Katelyn: AMEN!
First let me say that anyone who tells you "Physical attraction isn't important" or any other comment like that is someone who is so afraid that they "don't look good enough" or something of that nature. It's quite simple:
YOU HAVE TO BE ATTRACTED TO THE WOMAN OR MAN YOU LOVE.
I have known people where one person is horribly attractive and the other is horribly unattractive in my mind, yet both look at eachother and see beauty. God makes people beautiful to us, and if you don't look at the person and see someone beautiful then sorry, you will never be completely in love with them.
Remember that guys like all different kinds, as do women. Think about how many times you've been out with someone and you both see someone, one of you thinks they're attractive and the other doesn't know what you see in them.

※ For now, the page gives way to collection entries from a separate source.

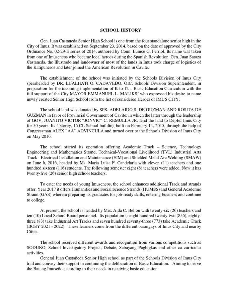 General Juan Castañeda Senior High school as part of the Schools Division of Imus City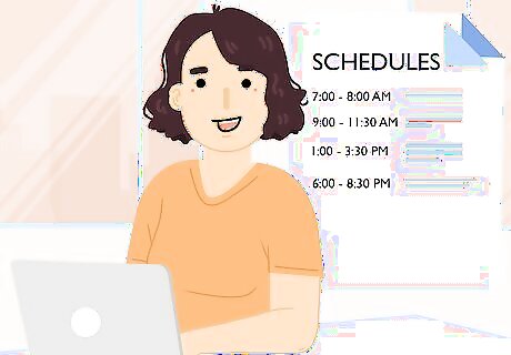 Determine your productivity times. Some of us are morning people, and some of us cringe at the idea of mornings. You might already have a sense of what times of day you’re most productive. Whether you prefer evenings, mornings, lunchtime, or right before or after workday rush hours, take advantage of those times to maximize your productivity.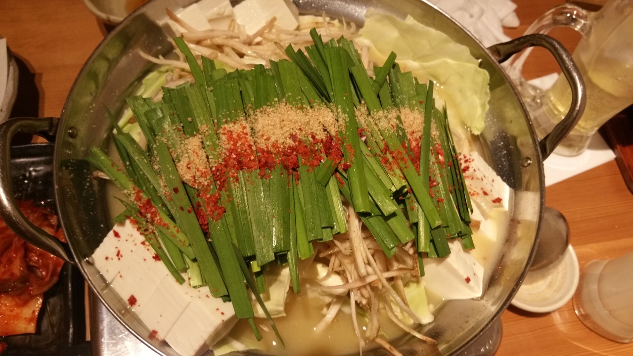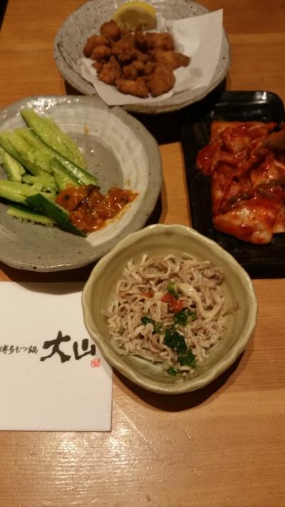 もつ鍋のほかに、キムチ、酢もつ、揚げ物(2種類)、焼き物がついて3980円でした。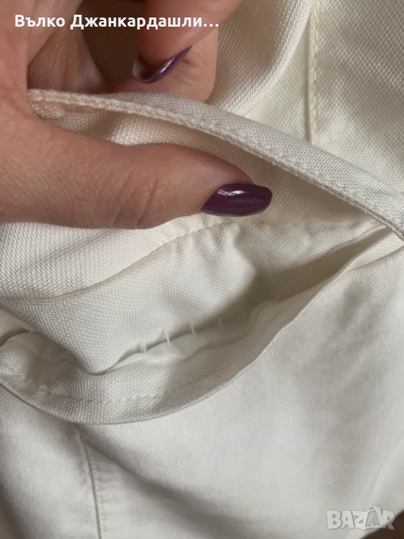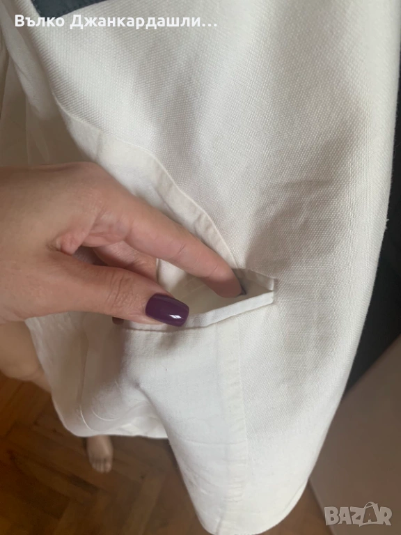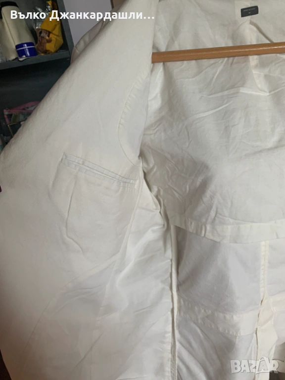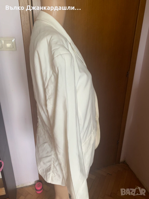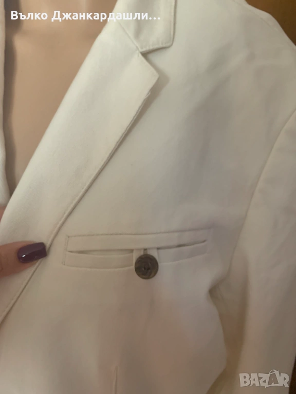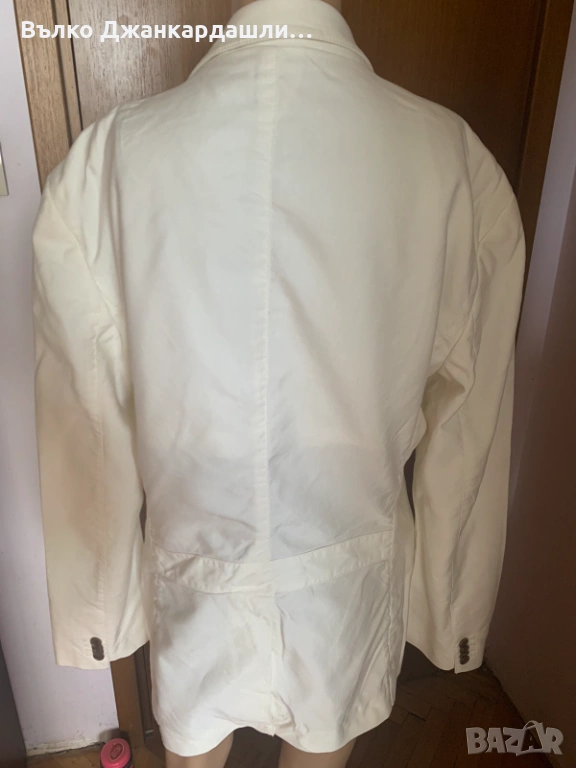 Сакото е отличен избор за пролетта и лятото. Съставът е памук и вискоза. Белият цвят го прави съчетаемо с много цветови комбинации. Може да бъде елемент както от по- строг стил, така и от спортно- елегантен. Изцяло зависи от останалите дрехи и обувките. Отлично се комбинира с мокасини в по- светъл цвят.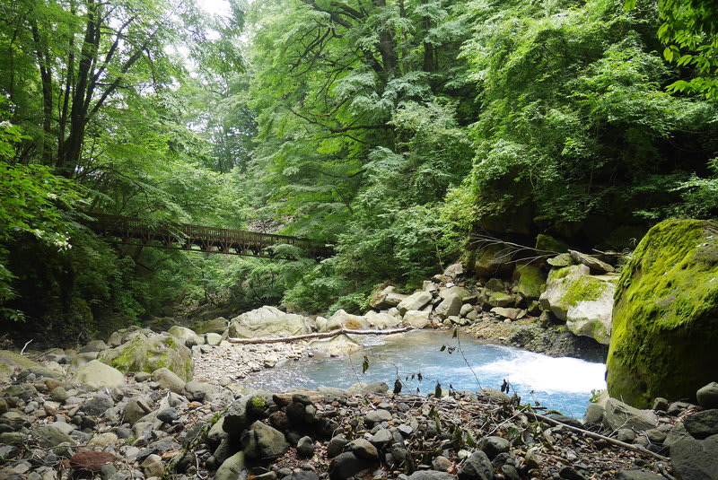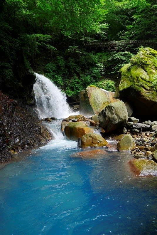那須塩原市側の雄飛の滝歩道線を歩いて美しいスッカンブルーの渓谷と名瀑を観賞します。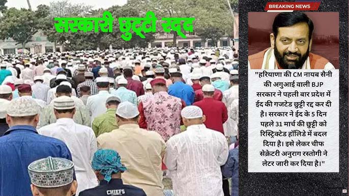 एजेंसी, करनाल| हरियाणा में इस साल ईद के मौके पर सरकारी कर्मचारियों को छुट्टी नहीं मिलेगी, क्योंकि नायब सिंह सैनी के नेतृत्व वाली बीजेपी सरकार ने एक नया नोटिफिकेशन जारी कर ईद की छुट्टी को रद्द कर दिया है। इस फैसले ने राज्य में चर्चा का माहौल गर्म कर दिया है। सरकार ने अपने ताजा आदेश में ईद को गजेटेड हॉलीडे की सूची से हटाकर इसे रेस्ट्रिक्टेड हॉलीडे (RH) घोषित किया है। इसका मतलब है कि अब यह छुट्टी वैकल्पिक होगी और सरकारी दफ्तरों में कामकाज सामान्य रूप से जारी रहेगा।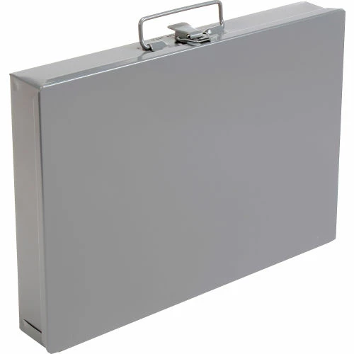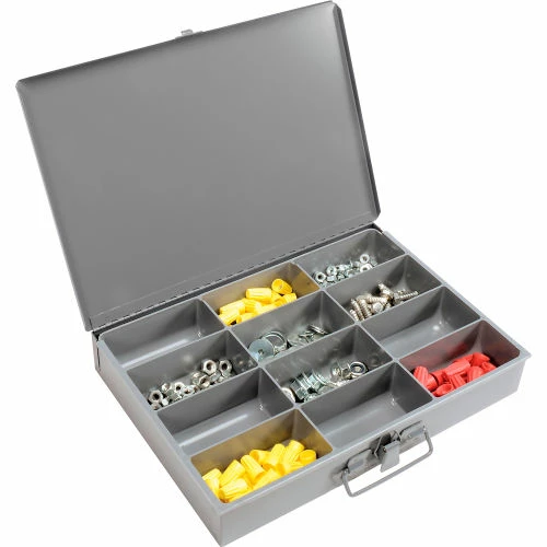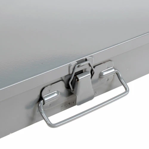 Prime cold rolled steel outer shell. High impact styrene insert. Compartments have scooped bottoms to make part removal easy. Full piano hinge on cover provides rigidity. Positive pull-down catch keeps cover tightly closed to prevent part migration. Handle allows for easy transport. Durable gray powder coat finish.

My church used to run a relationship seminar over the summer for all the high school department. In this they always made it clear that physical attraction has to be present in the relationship. You can't be with someone who you don't find attractive or you'll always be looking around to see what you really wanted.
For me I can tell you that it's the physical beauty that piques an interest, but it is the beauty inside that keeps my attraction. I can remember a lot of girls who I wouldn't even think looked good anymore cause I knew what type of people they were. Even their physical appearance turned sour to me.
My current love is a woman who feels she is not attractive, embarressed by her looks and feels she looked better back when she was a cheerleader and working out, etc. Very typical for a woman, she is self-conscious about her weight that she put on. I would constantly tell her she's the most beautiful woman I have ever known, BECAUSE SHE IS. I know it sounds cheesy but there is no other woman I would want to look at but her, she has always captivated me, and my stare. I have her picture on my desktop and I sit and look at her all the time, there is no model or star that has her beauty in my eyes. But it all started because when I met her I thought she was cute, and had a nice smile, and the more I got to know her, the more I saw her, the more I realized she was not just cute, but beautiful and gorgeous, both physically and in soul and spirit. It's a combination of a beauty on the outside that the Lord gives us combined with a beauty on the inside that the Lord reveals to our mates.
Don't let anyone tell you that "you don't have to be attracted to the `right' one for you" Yes, you do. And yes, you will. "Eye Candy" is just right. God didn't intend for us to spend our lives with some hag who we can't bear the sight of but has a "nice personality"
As for finding the right woman, let God reveal that to you in time. And don't be afraid to follow him. He will reveal great things, and you don't know who will be the one you will find. Remember that throughout the Bible it was women who moved in great faith more often and in greater faith then men, so do not be afraid of a woman who is of great faith, but try to work to be like them. God has great plans for you, and the woman he has for you is out there, but not if you tell yourself you're not worthy somehow of a great woman of God.
"Show me your friends and I'll show you your future" is one thing a pastor told me a long time ago. And that goes for the one you choose to be your wife.
Just follow him, and rejoice when you do not have the right feelings for someone, because maybe that's because God is reserving your heart from being bound to any but the one he has for you. I know parents who pray over their child that their hearts would know only one love for a relationship of this world, and that they would not have heavy hearts of past relationships but a clean Godly relationship that would be fruitful.
Follow him, and pray, and trust in him. But don't be afraid when he tells you to move, because there are great things in store where he will lead you.